*Work to complete*. Pictures aside, repeat every record below exactly.

*Source material*.
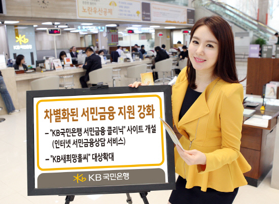 KB국민은행(은행장 민병덕)은 정부의 서민금융 정책에 부응하고 가계 부채 연착륙에 도움이 될 수 있도록 인터넷 서민금융상담 서비스인 'KB국민은행 서민금융 클리닉'을 개설하는 등 차별화된 서민금융을 지원한다.
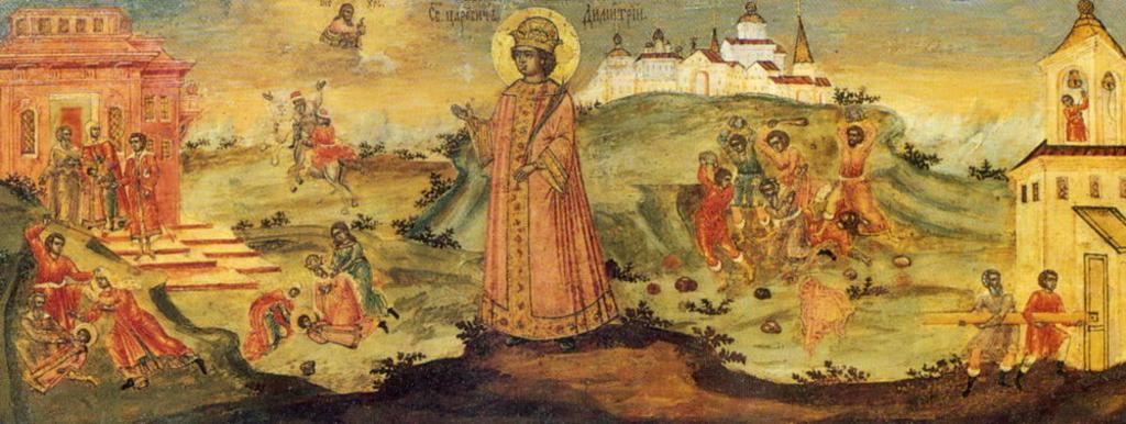 | Keywords: Saint Dmitriy icon 02.jpg ru Ца евич Димит ий Угличский Житие Иконог афическая сп авка Слева 1 Ца евича выводят из дво ца 2 Убиение ца евица ко милица пытается спасти Димит ия 3 Битяговские на лошадях пытаются бежать из Углича Сп ава 1 Понома ь бьет в колокол Битяговские пытаются выбить две ь в колокольне 2 Жители Углича побивают камнями убийц Димит ия 3 Г ад Углич XVIII век http //lib pstgu ru/icons/index php option com_content view article id 191740009 191740009 catid 4 2009-11-26-12-53-12 lib pstgu ru Creator Ф агмент Понома ь бьет в колокол Битяговские пытаются выбить две ь в колокольне custom PD-Art Tsarevitch Dmitriy in icons 03 Death of Tsarevich Dmitry |
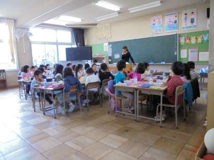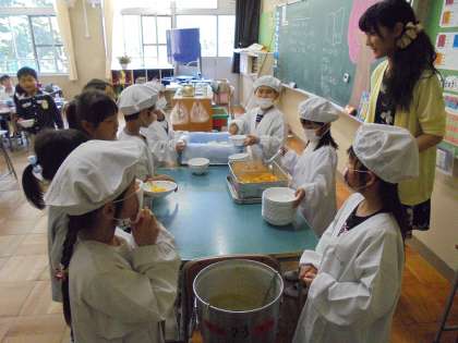 1年生は今日から給食が始まりました。上手に準備ができました。
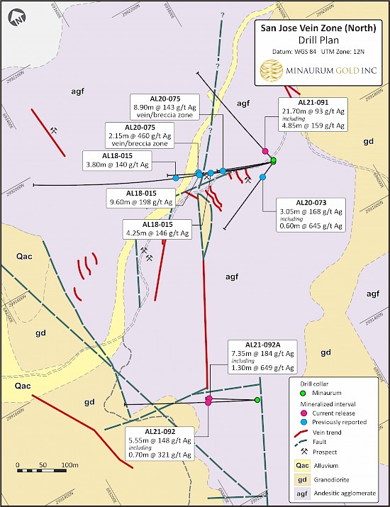- Hole AL21-091 returned 21.70 m @ 93 g/t Ag; including 4.85 m @ 159 g/t Ag
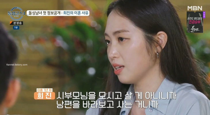 "나는 이혼하게 된 이유가 연애 때부터 사실 고부갈등이 있었어. 그 당시에는 전남편이 중간에서 되게 노력을 많이 해줬고 중재도 많이 해줬고 그런 노력하는 모습에. 시부모님을 모시고 살 게 아니니까, 남편을 바라보고 사는 거니까 이 사람을 믿고 결혼해도 되겠다 싶어서 결혼을 했는데 고부간의 갈등이 점점 더 심해지는 거지"

*Task output*.
 KB국민은행(은행장 민병덕)은 정부의 서민금융 정책에 부응하고 가계 부채 연착륙에 도움이 될 수 있도록 인터넷 서민금융상담 서비스인 'KB국민은행 서민금융 클리닉'을 개설하는 등 차별화된 서민금융을 지원한다.
 | Keywords: Saint Dmitriy icon 02.jpg ru Ца евич Димит ий Угличский Житие Иконог афическая сп авка Слева 1 Ца евича выводят из дво ца 2 Убиение ца евица ко милица пытается спасти Димит ия 3 Битяговские на лошадях пытаются бежать из Углича Сп ава 1 Понома ь бьет в колокол Битяговские пытаются выбить две ь в колокольне 2 Жители Углича побивают камнями убийц Димит ия 3 Г ад Углич XVIII век http //lib pstgu ru/icons/index php option com_content view article id 191740009 191740009 catid 4 2009-11-26-12-53-12 lib pstgu ru Creator Ф агмент Понома ь бьет в колокол Битяговские пытаются выбить две ь в колокольне custom PD-Art Tsarevitch Dmitriy in icons 03 Death of Tsarevich Dmitry |
 1年生は今日から給食が始まりました。上手に準備ができました。
- Hole AL21-091 returned 21.70 m @ 93 g/t Ag; including 4.85 m @ 159 g/t Ag
 "나는 이혼하게 된 이유가 연애 때부터 사실 고부갈등이 있었어. 그 당시에는 전남편이 중간에서 되게 노력을 많이 해줬고 중재도 많이 해줬고 그런 노력하는 모습에. 시부모님을 모시고 살 게 아니니까, 남편을 바라보고 사는 거니까 이 사람을 믿고 결혼해도 되겠다 싶어서 결혼을 했는데 고부간의 갈등이 점점 더 심해지는 거지"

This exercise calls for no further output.